Measuring abundance with eDNA
eDGES v2 – Project 8
This project focuses on building models of species abundance from eDNA metabarcoding datasets. Well-established species abundance distributions such as the lognormal distribution can be fitted to data in metabarcoding datasets. The underlying species abundance distribution will provide a better estimate of the relative abundance of species in the environment than the raw eDNA data.
The use of these models for species abundance has several applications in ecology. The most obvious is just to generate better estimates of relative biomass of species in any environment. Another is to improve our understanding of how similar communities are. In the example below, 75 eDNA samples were taken at two adjacent locations in Shark Bay on the West Australian coast and fish species were identified from one metabarcoding assay. This area is characterised by a strong salinity gradient from hypersaline water in Hamelin Pool to normal seawater in the Eastern Gulf. We analysed the fish communities in both locations. If we accept all detections, then the communities look quite similar. However, if we start to filter our results by abundance based on a model, the more we filter the data to higher abundance species, the more dissimilar the fish communities become. If we only consider species present at >1% total abundance they are very dissimilar communities, which is what would be expected for such different salinity conditions.

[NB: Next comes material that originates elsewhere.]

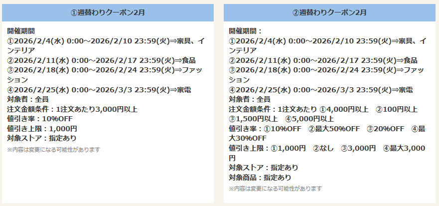 2026年2月の週替わりクーポン

This emphasises the importance of abundance in community comparisons, and suggest that many eDNA community comparison results based on incidence alone are misleading.
Figure 1: The importance of abundance measurement in eDNA metabarcoding. Two communities of fish in adjacent parts of Shark Bay were studied by highly-replicated eDNA sampling. Abundance based on SADs is shown as horizontal bars. Fish unique to their own community are shown as red or blue. Fish present in both communities are grey. If this is analysed with only presence/absence, as given by Venn diagrams, the communities have extensive overlap as raw data. This is because the actual change between communities is in abundance, from high to low, or vice versa. eDNA metabarcoding is very sensitive, and a small quantity of DNA is treated in the same way as a large amount, which is misleading. If the data is filtered to the most abundant species, the communities look far more differentiated, which is a more accurate description of community differences. This is one application of the software developed in this project, but there are many more.
The analyses above use a software package “SQEMA” that was written as part of this project. It is freely available and is described in the software section of this website.